I made some benchmarks for my presentation about Aeron, but I found out that if I use different tools for the same transport I got slightly different results.
For example, if I use HDR histograms I got the results that align with that numbers the maintainers are getting with their tests:
Also, I tried another cool library for java benchmarks – JLBH
But the results confuse me a bit…
First of all, I got 2 different versions of the benchmark:
Seems like JLBH encourage to use another thread for a listener, at least in that way some of the settings(such as throughput) make more sense, and the initial warmup prints some statistic. But I could be terribly wrong, please correct me if I am.
But more importantly, the results of those benchmarks are completely different and doesn’t align with what I saw with HDR:
There is a big chance that I messed up somewhere but for now, all 3 benchmarks look more or less similar to me but with a different toolset.
Thank you a lot!
If someone would like to try this his own, you have to just run this script https://github.com/easy-logic/transport-benchmarks/blob/master/run-aeron.sh
to choose which version you want to run change the parameter
mainClassName over here:
there are 3 options:
- io.easylogic.benchmarks.AeronPingBenchmarkJlbhSingleThread (the default one)
You are seeing different results because the benchmarks are not measuring the same thing.
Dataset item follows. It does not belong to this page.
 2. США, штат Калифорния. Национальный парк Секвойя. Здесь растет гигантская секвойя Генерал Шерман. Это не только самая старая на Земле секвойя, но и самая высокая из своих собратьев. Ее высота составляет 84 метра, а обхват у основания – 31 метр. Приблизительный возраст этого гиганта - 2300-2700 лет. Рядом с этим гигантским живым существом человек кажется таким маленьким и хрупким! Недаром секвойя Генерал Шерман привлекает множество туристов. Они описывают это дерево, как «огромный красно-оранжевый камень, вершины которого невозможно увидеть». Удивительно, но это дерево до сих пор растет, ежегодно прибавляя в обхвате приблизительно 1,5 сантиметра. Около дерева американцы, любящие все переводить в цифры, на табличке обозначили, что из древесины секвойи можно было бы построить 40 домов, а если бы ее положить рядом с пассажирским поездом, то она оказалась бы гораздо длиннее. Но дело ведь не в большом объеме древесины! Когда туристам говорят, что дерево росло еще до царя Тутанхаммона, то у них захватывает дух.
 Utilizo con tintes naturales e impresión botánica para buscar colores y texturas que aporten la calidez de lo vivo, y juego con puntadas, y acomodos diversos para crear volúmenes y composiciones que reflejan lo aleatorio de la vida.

The AeronPingBenchmarkHdrHistogram is measuring just the ideal case, i.e. one message is being sent and then immediately consumed. There are no queuing effects as sender and receiver run in a lockstep. When a new message is created it gets a timestamp for this particular send attempt. However there is no limit as to how long the entire benchmark should run and hence no send rate can be defined. Imagine that one of the sends takes a long GC pause (e.g. 1 second) then only this send result will be bad but the rest will be unaffected.
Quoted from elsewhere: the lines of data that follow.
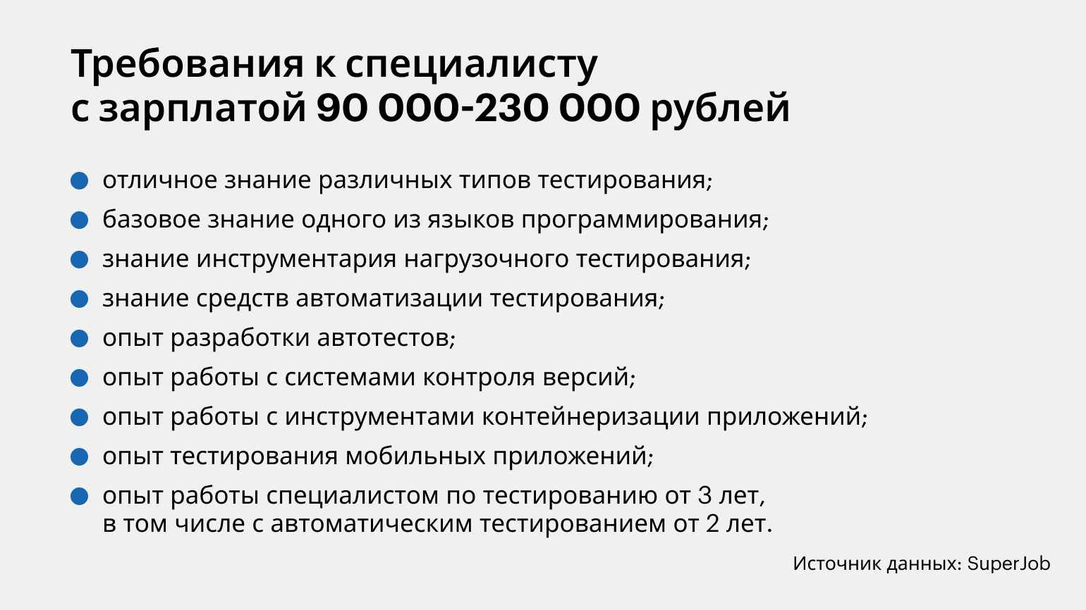 В исследовании SuperJob сказано, что должны уметь специалисты в тестировании ПО и сколько им платят. Показываем результаты в галерее.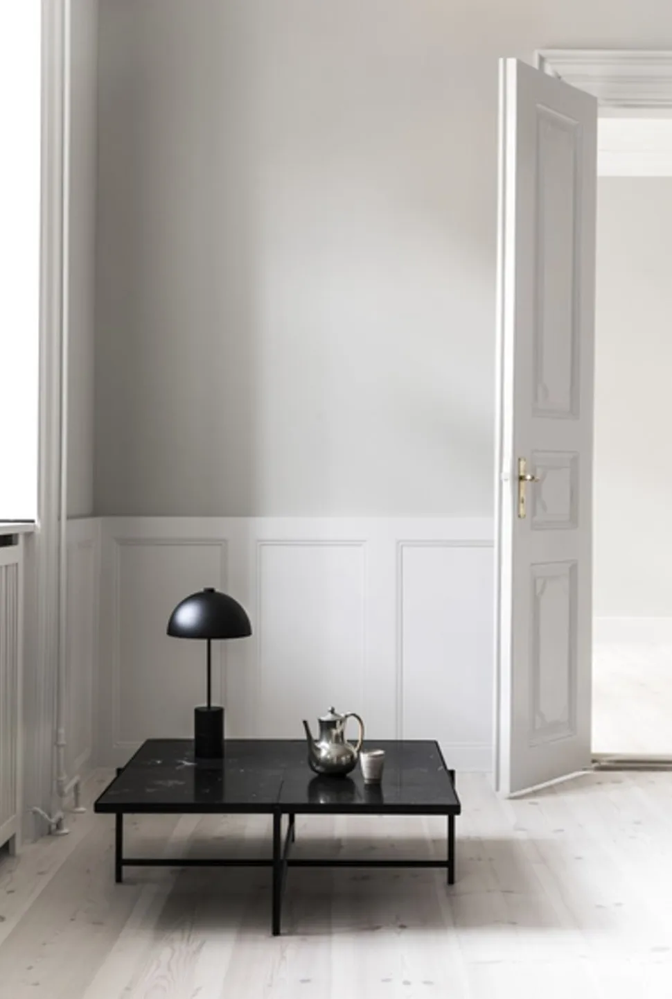 Studio-Tischleuchten sind aus schwarz pulverbeschichtetem Stahl gefertigt. Die Messingdetails sind aus massivem Messing und naturbelassen.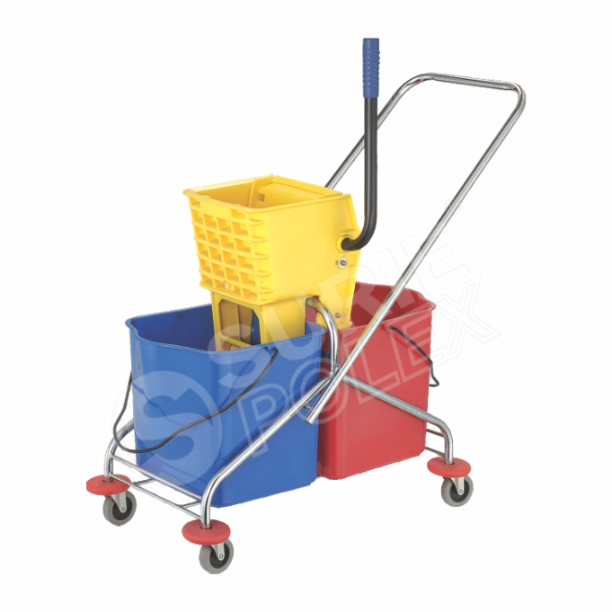 Double Bucket System Side Press Wringer Steel Handle 4 Wheels in Base No Mixing of Clean and Dirty Water Strong Construction Intelligent Design Color Coded Buckets, Capacity 50L Easy to Move

JLBH benchmarks are different, because they add a notion of time. For example in your results a single run has a duration of 5 seconds, e.g.:
Run time: 5.0s
Correcting for co-ordinated:true
Target throughput:10000/s = 1 message every 100us
End to End: (50,000) 50/90 99/99.9 99.99 - worst was 14 / 16 20 / 1,660 3,770 - 4,010
OS Jitter (5,853) 50/90 99/99.9 99.99 - worst was 1.8 / 7.0 30 / 181 3,770 - 3,770
This changes the benchmark from send 50K messages to send 50K messages in 5 seconds. From the same example, JLBH determined that a target rate is 10K/sec and it will use this information to compute the message start time (
startTimeNS). In this case a GC pause of 1 second would affect all messages after this event, because at least 10K messages won’t be sent on time but also all further messages will be delayed by this pause. Thus the JLBH is trying to avoid the Coordinated Omission Problem. It seems it also has some logic to correct for CO and it was active in your benchmarks (e.g.
Correcting for co-ordinated:true) which might also skew the results.
Finally, the AeronPingBenchmarkJlbhSeparateThread benchmark has even worse results, because now you are seeing the queuing effects. The sender is sending faster then receiver can consume the queues build up, everything runs at max capacity and latency goes down the drain. Also your back-pressure handling code is not correct, i.e. you cannot use the same
IdleStrategy instance for both threads. You need to have two of them.
Have a look at the real-logic/benchmarks project which contains send/receive-style benchmarks for Aeron, gRPC and Kafka. It has its own benchmarking harness LoadTestRig that takes care or warmup, measurement, histograms etc. And it is trivial to add benchmarks for other systems.